Well, I already mentioned earlier that one major option that we'll look at is the STEM school (National Inventors Hall of Fame), which is a public magnet school that IIRC goes grades 6-12.  Admissions are lottery, so it's a toss of the dice.  But the more seats they successfully open in that school, the less threatening the lottery becomes.  If King works out and the lottery works out, our kids could go King K-5 and NIHF 6-12, and be in Akron Public Schools the whole time.

 

Ultimately, I would be OK with an entire large public school system being organized by ability at least as much as neighborhood.  The logistics would understandably get complex and expensive for parents who can't drive, but in many denser cities, in the US and the world, children take municipal transportation to school.  But that's a much deeper-future concept, especially vis-a-vis Akron 2017.
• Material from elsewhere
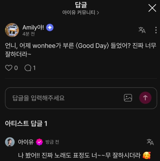 翌日、IUはファンコミュニケーションプラットフォーム「Berriz」を通じてファンに新年の挨拶を投稿しました。その中で、ウォンヒの「Good Day」カバーを見たかというファンの質問に対し、「見ました!!歌も表情も本当に素晴らしかったです🥰」とコメントしています。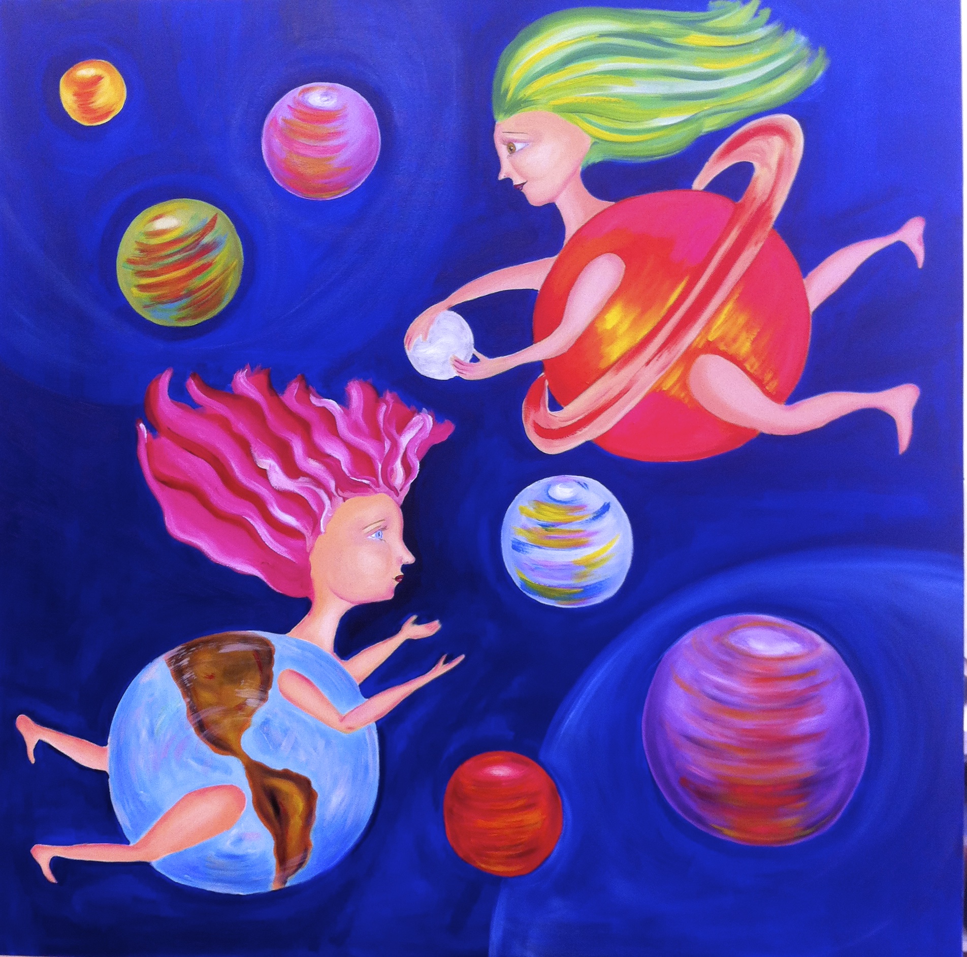 Publicado el marzo 11, 2013marzo 18, 2013«Los Planetas» oleo sobre lienzo 100cm x 100cm Los planetas son juguetones se divierten con la luna, todos bailan al son del universo.

Tying sports to schools and making sports such a large part of the public sector in unusual in the rest of the world.

 

Sports is life -- especially the part where the coach's son always gets to start. 

 

 

 

 

 

 

Tying sports to schools and making sports such a large part of the public sector in unusual in the rest of the world.

 

Sports is life -- especially the part where the coach's son always gets to start. 

 

Or the alumni kids.....ask Jeff Rotsky about that at Chanel.

 

Seriously, sports sublimates the natural tendency towards group identification and rivalries into something more indirect and less harmful.